Hey, I was trying to solve this problem : http://www.usaco.org/index.php?page=viewproblem2&cpid=622
I came up with following approach which is kind of messy:
- States:
- Starting position (the first door that is open) (i)
- Ending position (the current last door that will be opened) (j)
- Count of doors already open before (k)
- Transition for all x < j: dp[i][j][k] = min(dp[i][x][k-1] + {something here}, dp[i][j][k-1])
{something here} = sum 1. for all y such that j-x+y >=0, x+(j-x+y)/2 , sum+= A[x+(j-x+y)/2]*(j-x+y+1) 2. for all y such that y < (j+(i+1))/2 , sum+=A[y]*(y-j); 3. for all y such that y > (j+(i+1))/2 and y < n , sum+=A[y]*(i+(n-y)); 4. for all y such that y>=0 && y<i , sum+=A[y]*(y+1);
similar numbers will be subtracted from the solution.

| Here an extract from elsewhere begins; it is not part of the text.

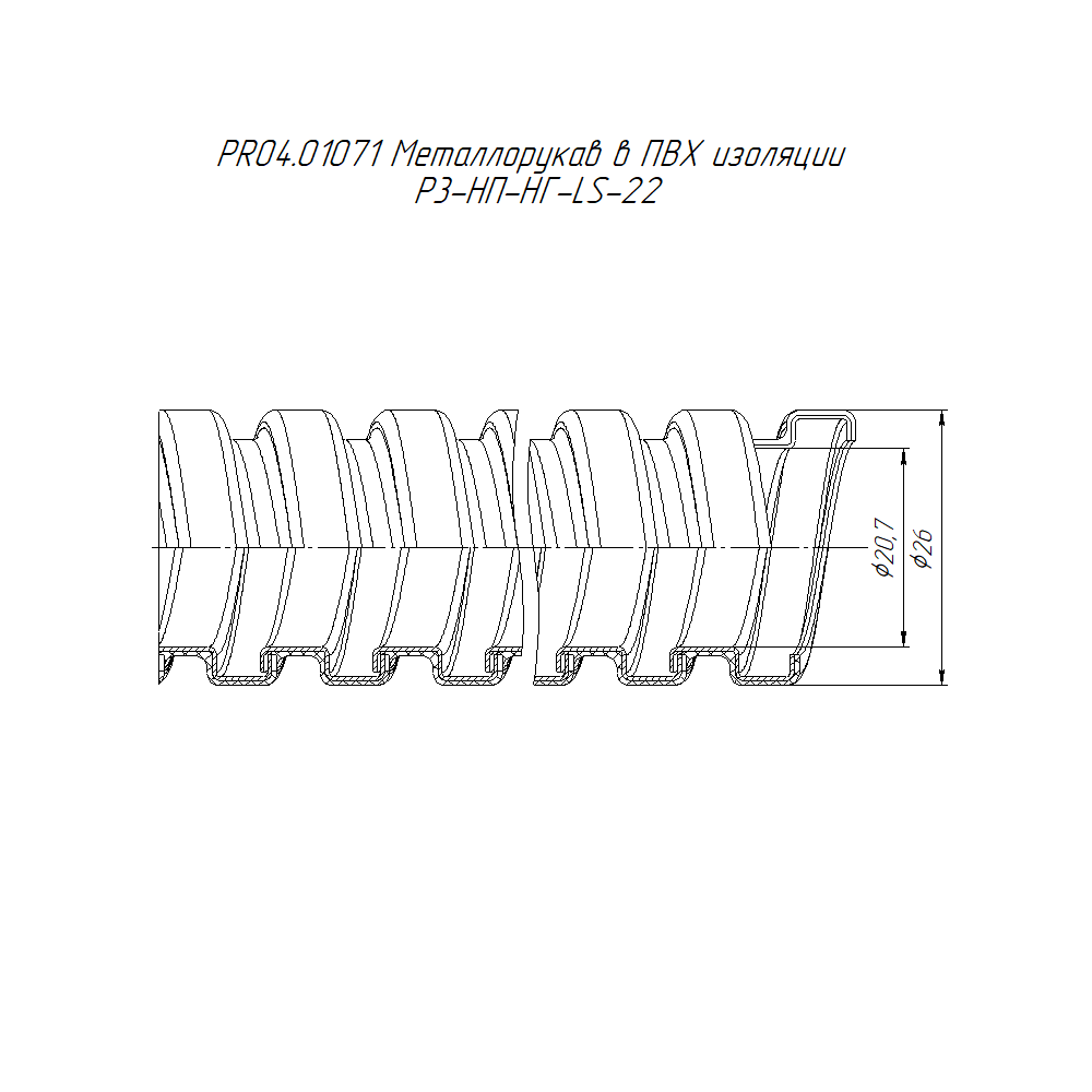 PR04.01071 металлорукав в ПВХ изоляции Р3-НП-НГ-LS-22 (50м/уп) Промрукав; нержавеющая сталь; IP66; 750 Н; монтаж -25...90 °C; эксплуатация -40...90 °C; 0,2673 кг/м.

What I am doing is, when we add new door/room, I take half the cows between last door and current door and add them to the solution.
Here is the actual solution of the problem : http://www.usaco.org/current/data/sol_cbarn2_gold_feb16.html
Can anyone explain me the following:
- If my approach correct ? (Forgetting the time constraints for now)
- How can this solution be obtained by optimising my solution ?
- How you came up to the solution ?